Mulai dari era James Rodriguez, hingga yang teranyar Kylian Mbappe dan Thomas Lemar. Jika melihat lebih jauh lagi, mungkin kita juga patut mempertimbangkan cederanya beberapa pemain andalan seperti Danijel Subasic, Rony Lopes dan Aleksandr Golovin, ditambah para pemain baru yang performanya kurang maksimal seperti Nacer Chadli dan Youri Tielemans, sehingga membuat Henry tidak bisa memaksimalkan skuadnya demi mengangkat Monaco keluar dari zona degradasi.
Memang kalau boleh jujur, Henry tidak banyak memberikan ide-ide revolusioner yang bisa mengangkat performa Monaco.

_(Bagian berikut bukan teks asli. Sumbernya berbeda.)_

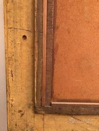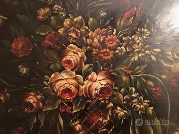 a descrizione si riferisce a un’opera d'arte raffigurante una **natura morta** realizzata con tecnica a **olio su tavola**, una scelta classica per i dipinti di epoca tardo settecentesca. La **cornice**, di dimensioni **128 x 101 cm**, presenta un’elegante finitura in **verde** con un raffinato **filo d’oro perimetrale**, che aggiunge un tocco di prestigio e ricchezza all'insieme.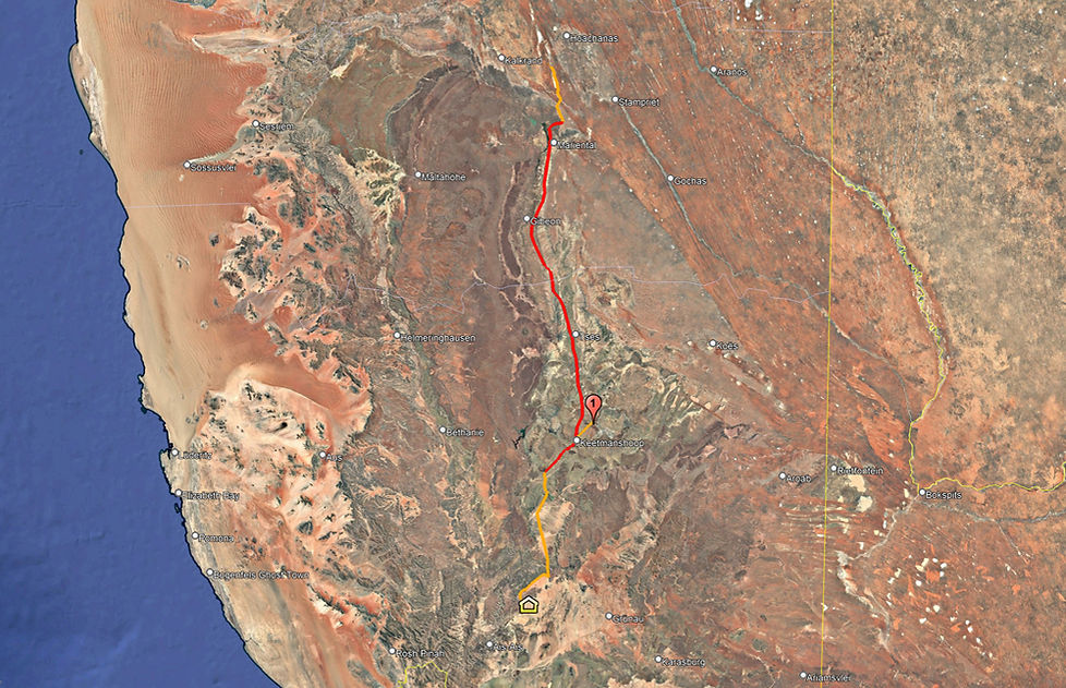 Il est temps de nous remettre en route car nous avons encore 170 km pour rejoindre notre hébergement de ce soir situé à plus de 2h. Peu après la ville de Keetmanshoop, nous bifurquons sur la route B4 et 35 km plus loin, nous quittons l'asphalte pour prendre la piste C12. Cette dernière portion est un vrai plaisir : large, bien entretenue, sans le moindre nid-de-poule… et pour couronner le tout, nous avons la route rien que pour nous !

Jika merujuk pada press conference-nya saat ditunjuk sebagai manajer, Henry mengatakan bahwa ia mencoba unuk melakukan pendekatan yang sama dengan Pep Guardiola, manajernya saat meraih treble winners di musim 2008/09.
Namun dengan kondisi yang ada saat ini apabila tidak mampu memutarbalikkan performa Monaco setidaknya hingga akhir musim, jangankan untuk meniru Guardiola atau bahkan mengikuti jejak Zidane yang bisa memenangi juara Champions League bersama Real Madrid, untuk meniru performa manajer spesialis relegation battle seperti Sam Allardyce dan Alan Pardew saja Henry bisa jadi kesulitan. Dan apabila hal itu terjadi, mungkin gelar pelatih terburuk di Sky Sports bisa jadi akan berpindah tangan dari Gary Neville ke Thierry Henry.